Le brave homme paraissait en grande intimité avec celui qui l’entretenait, car il continuait d’un ton familier :
— Et vous, êtes-vous content du moment ? Devenez-vous millionnaire ?
— Pas très vite !
— Pourtant, vous avez bien du talent. Ah nom d’un chien !
Abandonnant sa chaise et s’étirant à la façon d’un homme qu’une longue immobilité a engourdi, le bouquiniste répétait avec conviction :
— Ah vous avez bien du talent ! Tenez, je me rappelle quand vous jouiez le fameux drame. Vous savez le crime…

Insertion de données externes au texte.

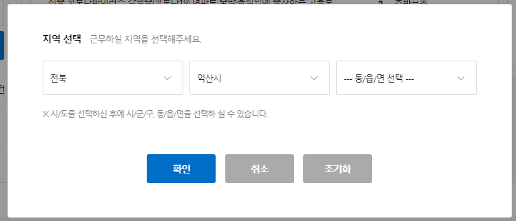 ② 지역검색에서 전북 > 익산시를 선택합니다.

Soudain, le bouquiniste éclata de rire :
— Tenez, figurez-vous une chose, reprenait-il. Depuis ce jour-là, je n’ai jamais mis les pieds dans un théâtre. Ah ! quand vous aurez des billets…
— Des billets, père Cornélius, tout le monde m’en demande. Hélas, je n’en ai pas beaucoup, et puis, je ne suis plus là-bas, j’ai changé de théâtre.
— Ah bah ! et où êtes-vous donc ?
— Au Théâtre Ornano.
— Oui, oui, je connais, à la Fourche de la rue Clignancourt, pas vrai ?
— Tout juste.
Le bouquiniste souleva sa calotte noire, gratta son crâne chauve, puis demanda :
— Dites donc, rappelez-moi donc votre nom ?
— Dick, père Cornélius.
— C’est vrai, monsieur Dick. Parbleu, je vous connais bien, mais j’oublie toujours comment vous vous appelez. Pourquoi diable que vous avez choisi ce nom-là ? C’est pas un nom de chrétien, c’est presque un nom de chien.
Or, à la remarque du bonhomme, le jeune homme avait éclaté de rire :
— C’est un nom anglais, père Cornélius, répondit-il, et je l’ai pris parce qu’il fait bien au théâtre ! Voyez-vous, quand on est acteur comme moi, la question du nom a une grande importance. Dick, cela se retient, cela sonne.
— Mais pourquoi n’avoir pas pris un nom français ?
— Affaire de mode, père Cornélius. Les Français prennent des noms anglais et les Anglais des noms français.
Tandis que le jeune acteur du Théâtre Ornanos’entretenait ainsi avec le père Cornélius, Bouzille, qui d’abord avait écouté avec intérêt leur conversation tant qu’elle avait eu trait à Tête-de-Lard et à La Carafe, les deux apaches amis de Fantômas, avait cessé d’y prêter la moindre attention.
Bouzille n’avait plus d’yeux que pour les gens de l’autobus qui demeuraient toujours groupés autour de leur véhicule, et aussi pour Tête-de-Lard et La Carafe qui, après avoir étendu sur le sol, au travers du quai, un long câble d’acier, éparpillaient maintenant en tous sens leur boîte à outils comme à la recherche d’instruments de travail.